Name is defined using newtype with an
underlying type of Text.
module Example.Name where
import Data.Text (Text)
newtype Name = Name TextShow and Read
A good way to introduce the motivation for the Render
and Parse type classes is to consider the problems with
using the Show and Read type classes that are
defined in the base
package. Both the Show and Render type classes
are used to render values as text, and both the Read and
Parse type classes are used to parse values from text.
Intended Use
The Show and Read type classes are intended
to work with text that contains Haskell source code. A Show
instance should render a string of valid Haskell code that can recreate
the type when parsed using a Read instance. This can be
useful when debugging, but Haskell code is rarely the desired
representation for passing a value to an API or storing it in a
database.
There are three basic ways to create Show and
Read instances for the example Name type. One
way is to derive the instances as follows.
module Example.Name where
import Data.Text (Text)
newtype Name = Name Text
deriving (Read, Show)A value of this type is created using the Name
constructor, and the derived instances reflect this.
λ: show (Name "Bill")
"Name \"Bill\""
it :: String
λ: print (Name "Bill")
Name "Bill"
it :: ()
λ: read "Name \"Bill\"" :: Name
Name "Bill"
it :: Name
Another way to create Show and Read
instances is to use some extensions to derive the instances based on the
wrapped type.
{-# LANGUAGE DerivingStrategies #-}
{-# LANGUAGE GeneralizedNewtypeDeriving #-}
module Example.Name where
import Data.Text (Text)
newtype Name = Name Text
deriving newtype (Read, Show)The derived instances no longer use strings prefixed with the
constructor. Since there is no IsString instance, note that
this definition deviates from the intended usage of Show
and Read because the rendered strings are not valid Haskell
code for creating a value.
λ: show (Name "Bill")
"\"Bill\""
it :: String
λ: print (Name "Bill")
"Bill"
it :: ()
λ: read "\"Bill\"" :: Name
"Bill"
it :: Name
Note that the rendered strings are quoted. This involves escaping in cases where the rendered value includes quotation marks.

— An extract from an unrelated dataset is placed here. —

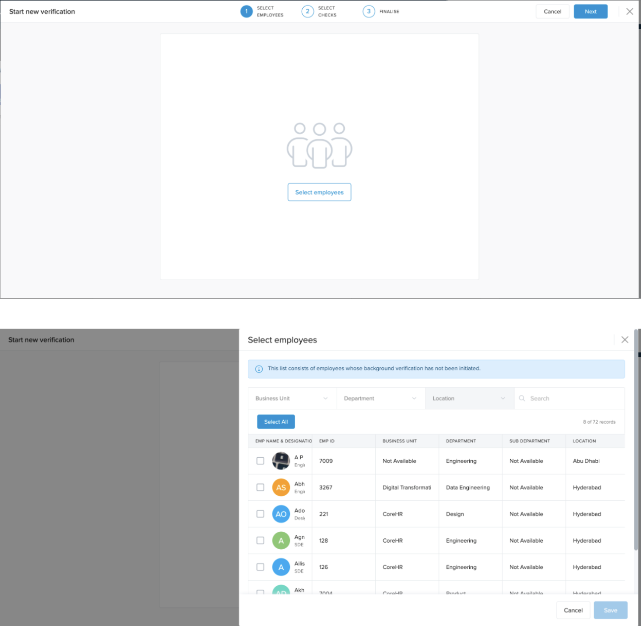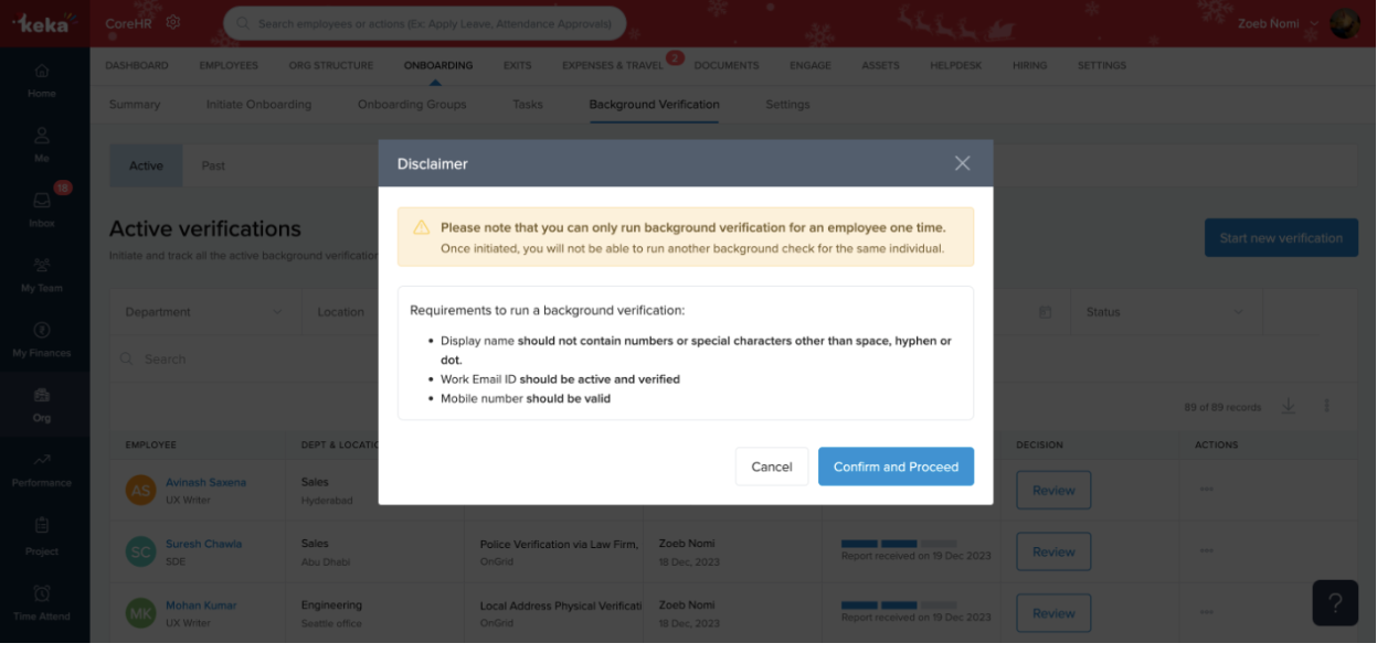 Step 5: Once you click on "Confirm and Proceed," you will have to select employees for whom you wish to initiate BGV.

It is quite common for developers to use Show and
Read instances for their own purposes. For example, a
developer may want to render a Name as the name itself,
without quotes. This can be done by writing the instances by hand.
module Example.Name where
import qualified Data.Text as T
import Data.Text (Text)
newtype Name = Name Text
instance Read Name where
readsPrec _ s = [(Name (T.pack s), "")]
instance Show Name where
show (Name name) = T.unpack nameSuch instances deviate even more from the intended usage of
Show and Read, as the rendered strings are not
valid Haskell code.
λ: show (Name "Bill")
"Bill"
it :: String
λ: print (Name "Bill")
Bill
it :: ()
λ: read "Bill" :: Name
Bill
it :: Name
The use of Show instances is a common source of bugs. It
is easy to derive an instance, and one often does so when prototyping
new software. Use of the derived instance with an API that does not
expect Haskell code can then cause issues.

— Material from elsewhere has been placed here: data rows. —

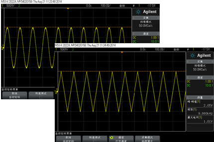 - 图片分别对应正弦波和三角波。波形输出纯净稳定
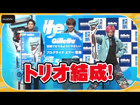 お笑いコンビ「EXIT」のりんたろー。さん、兼近大樹さんが9月1日、東京都内で行われた「ジレット プログライド エアー 電動新製品発表会」に登場した。
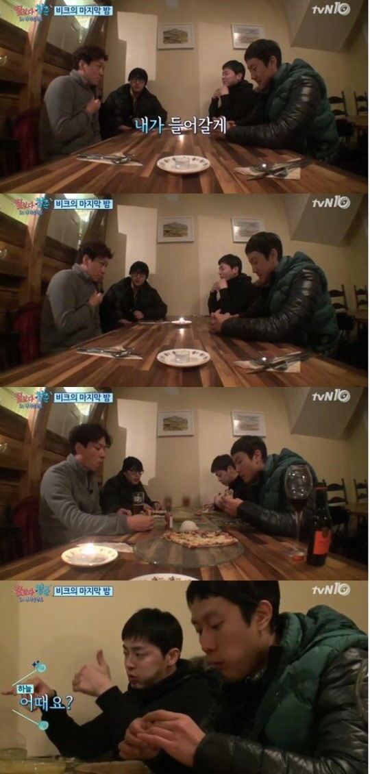 이어 음식을 기다리던 중 먼저 정상훈은 자신의 마이크를 대고 즉석에서 아카펠라를 선보였고, 이에 강하늘도 동참하며 모두의 귀를 즐겁게 했다.

As an example of such a bug in production software, a derived
Show instance was used to render a string for a value in a
CSV file. The rendered string included quotation marks in the middle of
the string (like Name "Bill"), which caused the CSV file to
be invalid. The invalid CSV file resulted in other failures, and the
bugs persisted for over two years before the use of the
Show instance was identified and corrected.
String Usage
Another problem with using Show and Read
instances is that doing so utilizes the String type. Since
String is a type alias for a list of characters, it has
poor performance.
In the example, the Name type has an underlying value of
type Text. To render a Text value to pass to
an API, one could use code like the following:
callApi $ T.pack (show name)Sometimes people will even create a helper function for this because it is used so often.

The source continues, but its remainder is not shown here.